Backed by university systems
“The professional space in Australia relies heavily on the university system. That’s certainly what an American footprint looks like, and that’s how professionals are created. You have very strong academic environments that teach the profession in Australia. You’d find that, as well, in the United States.
“I think both the professions are about the same. Yes, an Australian CPA is much more likely to go into Europe; a European CPA is much more likely to go to Australia, than a US CPA to Australia.
“But now, there is an exception to that.

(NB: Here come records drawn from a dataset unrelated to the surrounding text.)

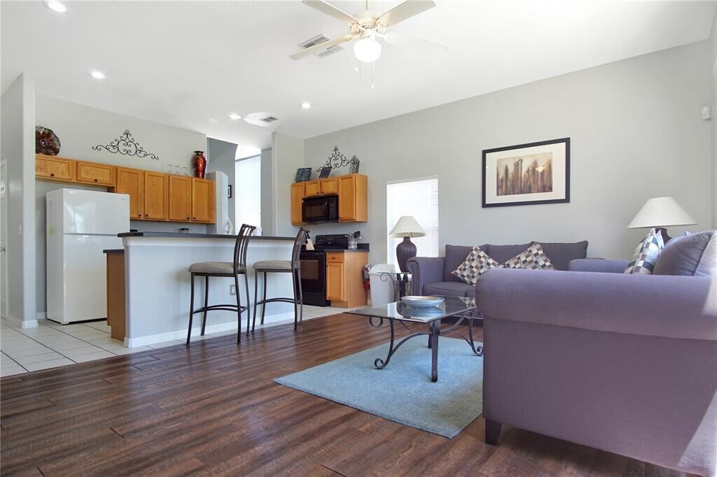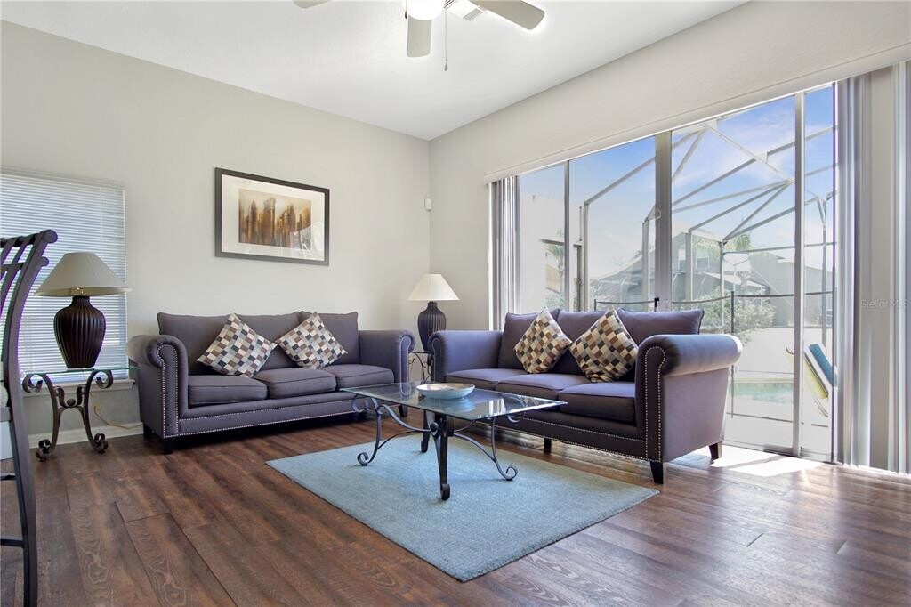 Welcome to this beautiful two-story home located in a gated community in Davenport,FL. Offering 5 bedrooms and 3.5 bathrooms,this spacious single-family residence provides plenty of room for comfortable living and everyday enjoyment. Upon entering,you’ll find a welcoming dining and living room combination,ideal for gatherings and shared meals. The kitchen features generous counter space and ample cabinetry,and it opens to a bright living area with sliding doors that lead to the backyard. Step outside to a private screened-in pool area,creating the perfect setting for relaxation or entertaining. The first-floor primary bedroom includes an ensuite bathroom with dual sinks,a separate shower,a soaking tub,and a private water closet. Upstairs,additional bedrooms are located,including a second primary bedroom and easy access to a laundry closet. The upstairs bathrooms feature shower-tub combinations for added convenience. The garage includes pool tables for indoor recreation,and community amenities include tennis courts for residents’ enjoyment. This fully furnished home includes basic cable,internet,pool maintenance,and lawn care,providing a convenient and low-maintenance lifestyle. Located near shopping,dining,and major highways,this home combines comfort and accessibility. Schedule your showing today and experience all this property has. MLS# S5136762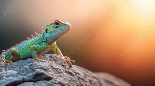 Fototapeta premium Colorful lizard perched on a rock during sunset, showcasing vibrant colors in...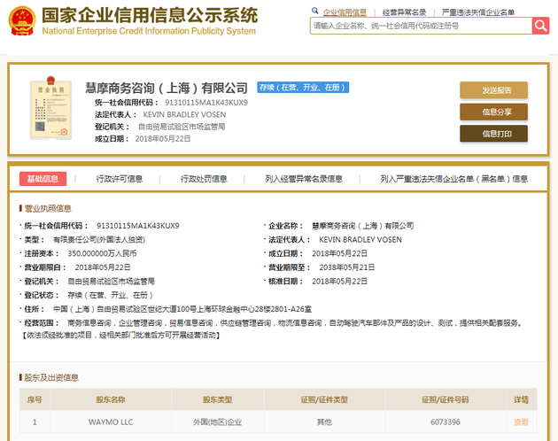 8月23日消息,據國家企業信用信息公示系統,一家名為慧摩商務諮詢(上海)有限公司5月在上海自貿區註冊,經營範圍包括商務信息諮詢、自動駕駛汽車部件及產品的設計、測試,提供相關配套服務等。該公司為WAYMO LLC 100%持股,而後者為谷歌母公司Alphabet旗下的無人駕駛公司。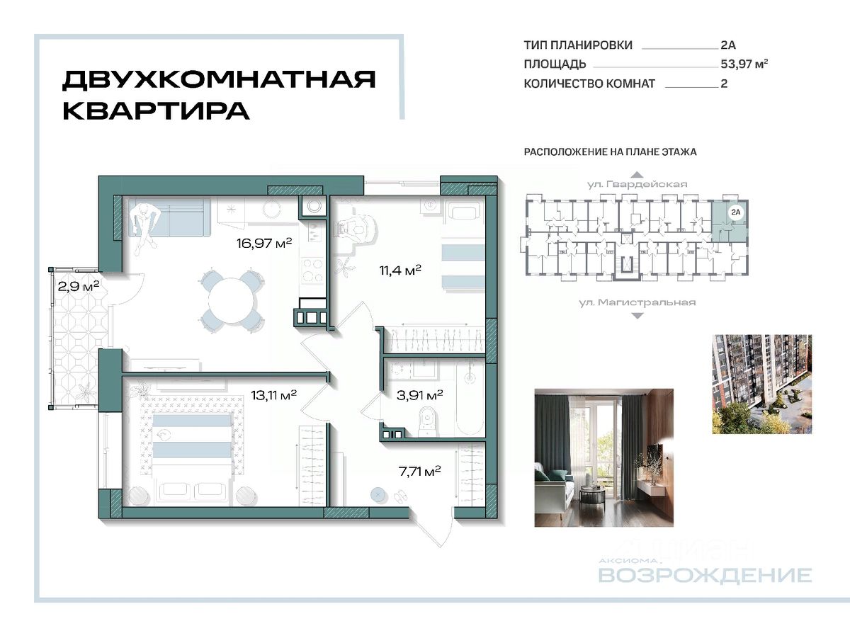Продаётся 2-комнатная квартира в строящемся доме (Дом 6), срок сдачи: I-кв. 2028, общей площадью 53.97 кв.м., на 5 этаже. Новый клубный дом "Аксиома.Возрождение" от застройщика "Аксиома" расположен по адресу: г. Кировск, ул. Красных Сосен, 6

Because of the mining industries – oil, gas and things of that nature – on the west coast of Australia, there is more of a nexus to the United States.”
Similar or not, the doors will soon be open for our finance professionals to hone their craft in the US, and that can only be a good thing for Australian CPAs.
Barry Melancon: view from the top
Barry Melancon’s rise to the top of the world’s biggest accounting organisation reads a little like a John Grisham novel.
Made partner of a Louisiana CPA firm at just 25, Melancon was promoted to president of the state’s accountancy body at a fresh-faced 29. Finally, at 37, Melancon rose to president and chief executive of the AICPA in 1995, a position he’s held ever since.
As the head of the 650,000-member Association of International Certified Professional Accountants, which combines the strengths of the AICPA and the Chartered Institute of Management Accountants, Melancon sees it as his job to wrestle with changing technology and shape it into a strength for the entire profession, big or small, rather than a weakness.
Eligibility requirements
CPA Australia members must meet certain requirements to be eligible for the abbreviated qualification pathway that the recognition agreement provides:
- You have a bachelor’s degree or higher, conferred by an institution deemed acceptable by the US state board where you wish to practise. (Note: some state boards may require you to complete specific coursework or meet additional education criteria.)
- You have completed the CPA Program and hold a CPA designation.
- You are in good standing with CPA Australia.
- You have at least three years’ relevant work experience prior to receiving your CPA Australia designation, and at least two years and eight months of relevant work experience since being admitted as a CPA Australia member. (Note: some state boards may request specific work experience, and the way you verify such experience, for example: by working with the National Association of State Boards of Accountancy’s Experience Verification Service.)
- You meet CPA Australia’s continuing professional development requirements.
Members who acquired their CPA Australia designation through a mutual recognition agreement or reciprocal membership agreement with another professional accounting association are not eligible to follow this abbreviated qualification pathway.